▸ EXERCISE GOAL
The expected result is the full listing, retyped exactly, without a single picture.

▽

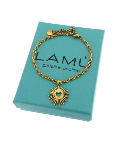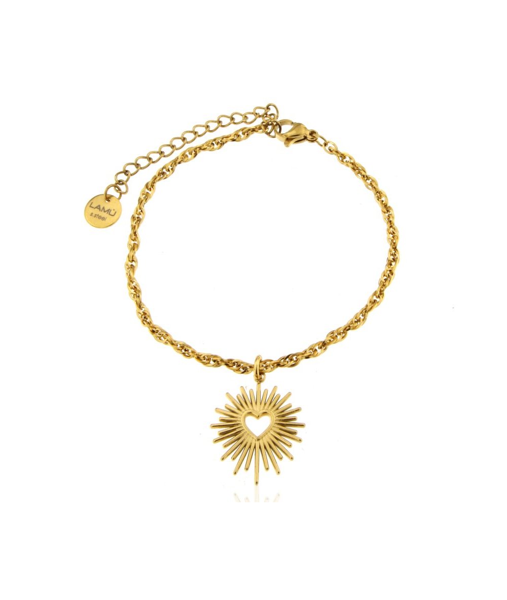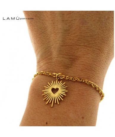 Bracciale in acciaio oro con pendente cuore con raggi
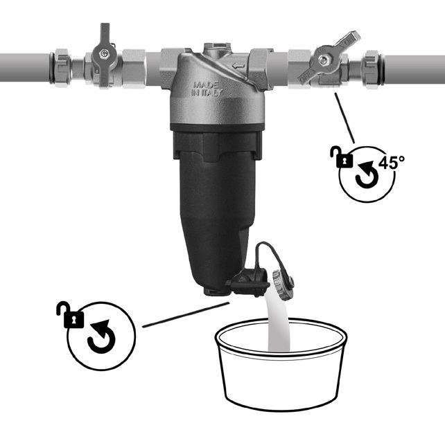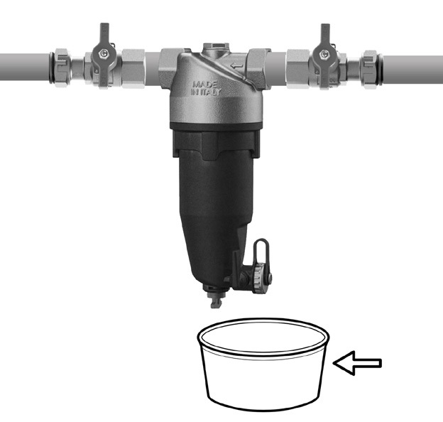 2. Otevřete vypouštěcí ventil, abyste odtlakovali systém a vyprázdněte vodu obsaženou ve filtru. Odpadní vodu zachyťte do sběrné nádoby o objemu minimálně 1 l
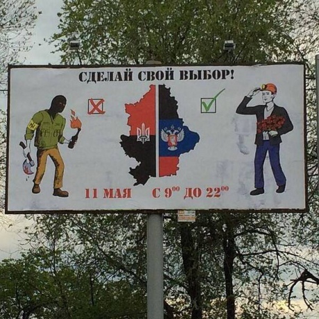 Между тем, на Донбассе на улицах размещена агрессивная агитация сепаратистов, в частности, очень подобная на риторику в Крыму накануне псевдореферендума в АРК.
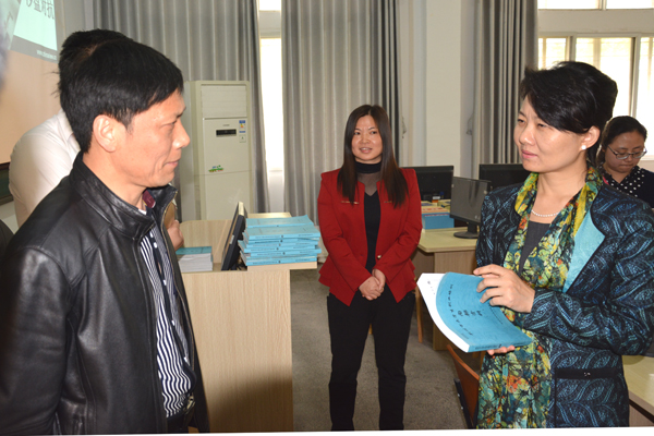 张菊老师(右二)向吕晓华(左四)介绍老员工创业培训四级课程体系
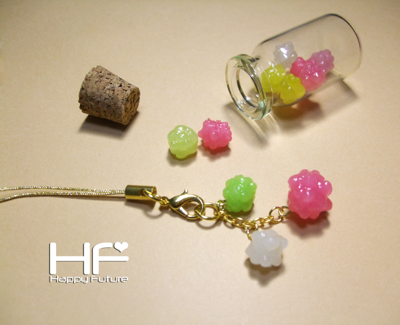 あとね、デザインとか何にも考えずに、適当に、ストラップに金平糖をつけてみたんだけど
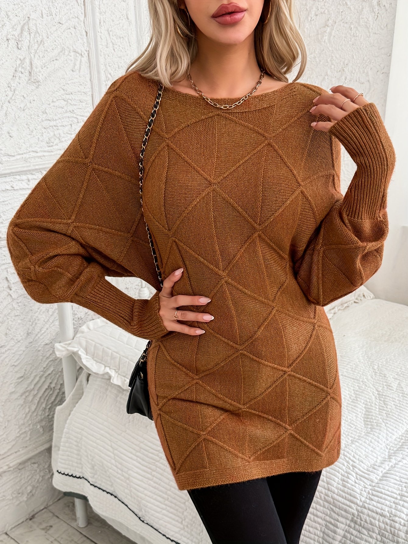 - Modern “Batwing” Elegance: A unique and distinctive design with wide (Batwing) sleeves and a classic round neck, giving you a chic casual look that is on-trend.

△

▸ REPLY
 Bracciale in acciaio oro con pendente cuore con raggi
 2. Otevřete vypouštěcí ventil, abyste odtlakovali systém a vyprázdněte vodu obsaženou ve filtru. Odpadní vodu zachyťte do sběrné nádoby o objemu minimálně 1 l
 Между тем, на Донбассе на улицах размещена агрессивная агитация сепаратистов, в частности, очень подобная на риторику в Крыму накануне псевдореферендума в АРК.
 张菊老师(右二)向吕晓华(左四)介绍老员工创业培训四级课程体系
 あとね、デザインとか何にも考えずに、適当に、ストラップに金平糖をつけてみたんだけど
 - Modern “Batwing” Elegance: A unique and distinctive design with wide (Batwing) sleeves and a classic round neck, giving you a chic casual look that is on-trend.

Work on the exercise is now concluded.